Bank of Ghana Raises Key Rate to 2004 High to Support CediPauline Bax and Moses Mozart Dzawu
Ghana’s central bank raised its benchmark interest rate to the highest since 2004 to tame inflation and arrest the slide in Africa’s worst-performing currency.
The Bank of Ghana increased the key rate by 1 percentage point to 19 percent, Governor Kofi Wampah told reporters in Accra, the capital, today. That was in line with the forecasts of four of the seven economists surveyed by Bloomberg News. The other three said policy makers would hold the rate at 18 percent.

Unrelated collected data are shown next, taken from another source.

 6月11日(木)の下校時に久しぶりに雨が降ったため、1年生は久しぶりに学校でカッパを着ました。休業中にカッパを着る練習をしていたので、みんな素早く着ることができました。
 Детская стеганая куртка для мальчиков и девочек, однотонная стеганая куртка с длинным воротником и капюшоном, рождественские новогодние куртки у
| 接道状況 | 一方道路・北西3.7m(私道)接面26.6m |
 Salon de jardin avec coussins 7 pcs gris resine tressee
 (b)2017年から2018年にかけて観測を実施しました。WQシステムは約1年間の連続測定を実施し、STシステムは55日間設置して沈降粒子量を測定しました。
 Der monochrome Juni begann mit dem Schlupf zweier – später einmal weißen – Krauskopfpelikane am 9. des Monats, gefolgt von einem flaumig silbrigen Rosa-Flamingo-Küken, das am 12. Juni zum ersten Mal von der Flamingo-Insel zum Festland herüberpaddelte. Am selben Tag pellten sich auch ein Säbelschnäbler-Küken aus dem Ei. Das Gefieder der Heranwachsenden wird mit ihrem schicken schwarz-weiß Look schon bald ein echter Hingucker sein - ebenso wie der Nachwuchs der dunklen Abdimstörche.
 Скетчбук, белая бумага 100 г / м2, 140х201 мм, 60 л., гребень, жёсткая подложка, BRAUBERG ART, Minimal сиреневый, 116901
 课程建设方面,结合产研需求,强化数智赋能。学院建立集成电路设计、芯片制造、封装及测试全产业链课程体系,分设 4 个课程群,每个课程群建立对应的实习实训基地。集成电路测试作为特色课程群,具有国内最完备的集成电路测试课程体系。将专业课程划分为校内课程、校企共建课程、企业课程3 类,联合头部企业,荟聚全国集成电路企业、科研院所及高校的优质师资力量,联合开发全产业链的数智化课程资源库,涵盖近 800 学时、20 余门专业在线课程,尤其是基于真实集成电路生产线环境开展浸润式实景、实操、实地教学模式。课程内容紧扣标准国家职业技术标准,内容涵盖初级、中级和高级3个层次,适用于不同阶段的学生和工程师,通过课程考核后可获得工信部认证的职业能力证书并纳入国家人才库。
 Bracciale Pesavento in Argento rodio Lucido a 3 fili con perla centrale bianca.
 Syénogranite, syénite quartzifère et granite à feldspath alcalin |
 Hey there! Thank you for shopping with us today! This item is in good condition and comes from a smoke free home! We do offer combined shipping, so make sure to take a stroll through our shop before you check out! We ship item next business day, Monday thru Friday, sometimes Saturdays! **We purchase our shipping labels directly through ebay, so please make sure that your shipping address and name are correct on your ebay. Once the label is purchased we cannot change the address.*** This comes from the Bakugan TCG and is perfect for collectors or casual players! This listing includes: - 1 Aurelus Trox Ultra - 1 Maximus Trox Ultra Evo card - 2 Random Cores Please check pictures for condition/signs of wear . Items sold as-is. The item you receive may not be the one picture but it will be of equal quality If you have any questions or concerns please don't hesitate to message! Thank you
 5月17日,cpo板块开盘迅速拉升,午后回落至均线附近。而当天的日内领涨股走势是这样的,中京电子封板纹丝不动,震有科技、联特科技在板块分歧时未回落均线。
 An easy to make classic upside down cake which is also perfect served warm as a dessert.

Borrowing costs were at 20 percent in February 2004.
The currency of the world’s second-biggest cocoa producer has weakened 29 percent against the dollar this year, the most among 24 African nations tracked by Bloomberg. The cedi’s depreciation drove inflation higher to 15 percent in June, the statistics office said today.
“The fiscal and exchange rate pressures have provided impetus for worsening inflation outlook,” Wampah said. “The exchange rate and decline in the price of major commodity prices are expected to have adverse consequences for the domestic economy.”
Moody’s Investors Service cut Ghana’s credit rating on June 28 by one step to B2, five levels below investment grade, citing a budget gap it estimated will exceed 10 percent of gross domestic product for a third year in 2014.
The cedi curbed losses of as much as 1.1 percent after today’s rate decision. The currency was unchanged at 3.335 per dollar at 3:45 p.m. in Accra.
“It is no longer clear that further monetary tightening will help in the absence of meaningful fiscal consolidation,” Razia Khan, London-based head of Africa research at Standard Chartered Bank Plc, said in an e-mailed comment today. “It maintains some credibility of the Bank of Ghana, but it does not impact many real variables in the economy.”
The government budget gap in the five months through May was 3.9 percent of GDP as revenue and grants were below target, Wampah said. Gold exports, the largest source of foreign income, fell to $1.8 billon during the period from a year earlier, and oil dropped to $1.6 billion, he said. The central bank said it financed the government’s entire fiscal deficit in the first quarter and some of it in the second quarter.
“The rise in the monetary policy rate is likely to be too little too late,” Angus Downie, London-based head of economic research at Ecobank Transnational Inc., said in an e-mailed response to questions. “We expect the cedi will continue to weaken further. Until spending is better controlled and revenues strengthen, liquidity levels will remain elevated, which in turn will undermine the cedi.”
The sale of a Eurobond this quarter and money from the annual cocoa loan will help raise about $3 billion, Wampah said.
That “will provide some significant support for the market in the second half of the year,” he said.